Opinion
No. 53, Docket 26858.
Argued November 16, 1961.
Decided December 14, 1961.
Wilbur H. Friedman, of Proskauer, Rose, Goetz Mendelsohn, New York City (Marvin E. Frankel, Alan S. Rosenberg, New York City, on the brief), for petitioners.
David O. Walter, Washington, D.C. (Louis F. Oberdorfer, Asst. Atty. Gen., Lee A. Jackson, Harry Baum, Attys., Dept. of Justice), Washington, D.C., for respondent.
Before MOORE, SMITH and HAYS, Circuit Judges.
Hartman, an experienced builder, was sole stockholder in two corporations which were organized for the purpose of constructing, and did construct, two projects financed by mortgages insured by the Federal Housing Administration. The costs of these projects were substantially less than the proceeds of the mortgages, and a part of this excess was distributed to Hartman. Hartman, in his tax returns for 1950 and 1951, treated these distributions as capital gains. The Commissioner determined that deficiencies existed on the ground that the distributions were distributions from "collapsible" corporations, and therefore taxable as ordinary income. The Tax Court sustained the Commissioner ( 34 T.C. 1085 (1960)), and the case is here on the taxpayers' petition for review of the decision of the Tax Court. We affirm that decision.
The applicable statutory provision is found in Section 117(m) of the Internal Revenue Code of 1939. A "collapsible corporation" is there defined as "a corporation formed or availed of principally for * * * construction * * * with a view to —
"(i) * * * a distribution to its shareholders, prior to the realization by the corporation * * * constructing * * * the property of a substantial part of the net income to be derived from such property, and
"(ii) the realization by such shareholders of gain attributable to such property."
This Court has several times recently had occasion to pass upon situations similar to the situation involved in the present case, and to hold that similar distributions were taxable as ordinary income from "collapsible" corporations. See, e.g., Mintz v. Commissioner, 2 Cir., 284 F.2d 554 (1960); Sidney v. Commissioner, 2 Cir., 273 F.2d 928 (1960); Sorin v. Commissioner, 2 Cir., 271 F.2d 741 (1959); Glickman v. Commissioner, 2 Cir., 256 F.2d 108 (1958).
In the present case Hartman testified that prior to completion of construction he did not have the "view" required by the statute.
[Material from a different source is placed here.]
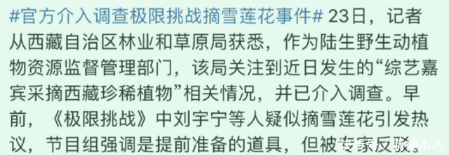 一开始嘉宾刘宇宁和节目组还先后发布澄清,表示采摘的是道具雪莲,结果被专家公开打脸。

He urged that this testimony must be accepted as dispositive of that issue. However, in the light of the evidence of excessive estimates for architects' and contractors' fees and of Hartman's knowledge during construction that the actual costs would be much less than the proceeds of the mortgages, the Tax Court was entitled to find, as it did, that Hartman had not sustained the burden of establishing lack of justification for the Commissioner's ruling.